INSTRUCTIONS FOR THE TASK:
In the records below, find the line with "在曼谷國家博物館內,舞者們戴", then retype it and every following line exactly, stopping after the line with "ID 64850: Эксклюзивно". Leave the pictures out.

Stored dataset items
================================

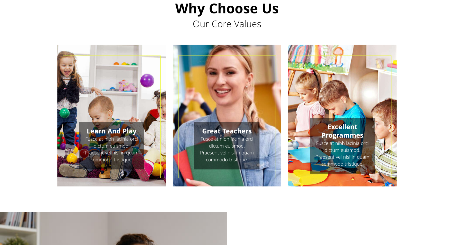 Service-Focused Pages: Showcase services like infant care, toddler playgroups, preschool programs, and teen mentoring.
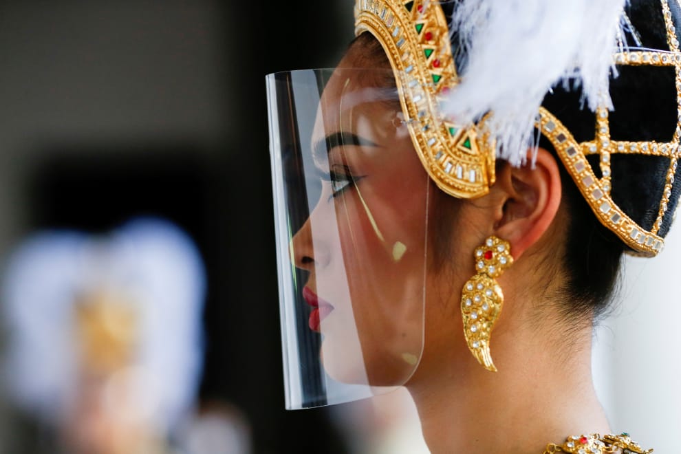 在曼谷國家博物館內,舞者們戴上防疫面罩,準備登台用曼妙的舞姿歡迎遭竊六十年的兩件古物回家。
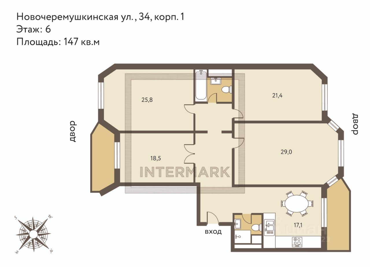 ID 64850: Эксклюзивно в компании INTERMARK. Предлагается просторная 4-комнатная квартира, обладающая превосходным потенциалом. Можно сразу въехать, можно сделать косметический ремонт или воплотить любой дизайнерский проект. Общая площадь 147 кв.м. Расположена на высоком и светлом 6-ом этаже солидного монолитно-кирпичного дома в лучшем районе Москвы. Дом 2005 года, железобетонные перекрытия, подземный гараж. Квартира прекрасно спланирована: просторный холл, гостиная, три спальни, два балкона, кухня с гарнитуром и техникой, два полных сан.узла: один с ванной, второй с душевой кабиной. Окна квартиры выходят на две стороны, открытые приятные виды. Очень тихо.
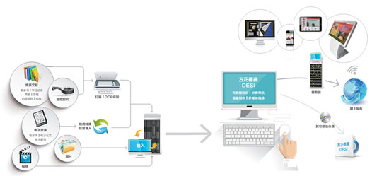 DESi數(shù)據(jù)加工與安全發(fā)布整體解決方案,基于成熟的方正Apabi網(wǎng)絡(luò)出版(eBook)解決方案之上,把擁有核心CEBX轉(zhuǎn)換技術(shù)和DRM技術(shù)軟件提供給客戶,保證了客戶自有特色資源的加工質(zhì)量和自有資源防擴(kuò)散。使各企事業(yè)單位以較少的成本,快速建立的電子資料室。具有占地少、硬件和軟件投入小、數(shù)據(jù)量大、更新迅速、借閱方便,不受時(shí)間和地點(diǎn)限制等優(yōu)點(diǎn)。該解決方案涵蓋了電子資源格式轉(zhuǎn)換、標(biāo)引、分類、目錄制作、多媒體鏈接,安全發(fā)布系統(tǒng)的全文檢索、分類瀏覽、下載瀏覽、收藏等全面功能,并為用戶提供高質(zhì)量的下載服務(wù)和方便、好用的閱讀工具。
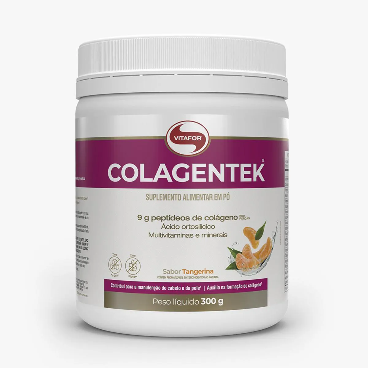 Colagentek Vitafor 300g Tangerina COLAGENTEK é um suplemento alimentar à base de colágeno hidrolisado. Colagentek Vitafor é referência em colágeno, quanto à composição, sabor e praticidade no consumo. A combinação de 9g de colágeno hidrolisado por porção, associada a vitaminas e minerais. Diferenciais: - Contém 9,0g de proteína de colágeno por porção.
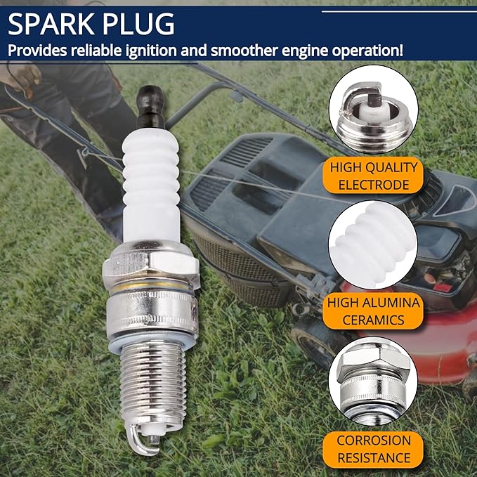 - SPARK PLUG MATERIAL: The Spark Plug made with carefully selected materials, provides dependable ignition for the engine's fuel-air mixture and smoother engine operation. This kit extending the service life of your mower
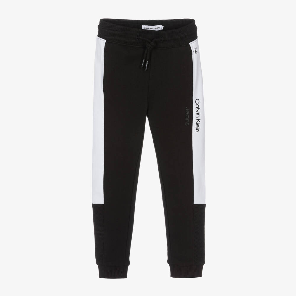 Casual and comfortable, these black cotton jersey joggers for boys are by American lifestyle brand Calvin Klein. They have white side panels, with the designer's name displayed vertically on one side, and a small CK monogram printed at the hip. They have an elasticated drawstring waist for an ideal fit, with useful front seam pockets, and black mesh jersey trims at the bottom of the legs.

================================

EXERCISE SOLUTION:
 在曼谷國家博物館內,舞者們戴上防疫面罩,準備登台用曼妙的舞姿歡迎遭竊六十年的兩件古物回家。
 ID 64850: Эксклюзивно в компании INTERMARK. Предлагается просторная 4-комнатная квартира, обладающая превосходным потенциалом. Можно сразу въехать, можно сделать косметический ремонт или воплотить любой дизайнерский проект. Общая площадь 147 кв.м. Расположена на высоком и светлом 6-ом этаже солидного монолитно-кирпичного дома в лучшем районе Москвы. Дом 2005 года, железобетонные перекрытия, подземный гараж. Квартира прекрасно спланирована: просторный холл, гостиная, три спальни, два балкона, кухня с гарнитуром и техникой, два полных сан.узла: один с ванной, второй с душевой кабиной. Окна квартиры выходят на две стороны, открытые приятные виды. Очень тихо.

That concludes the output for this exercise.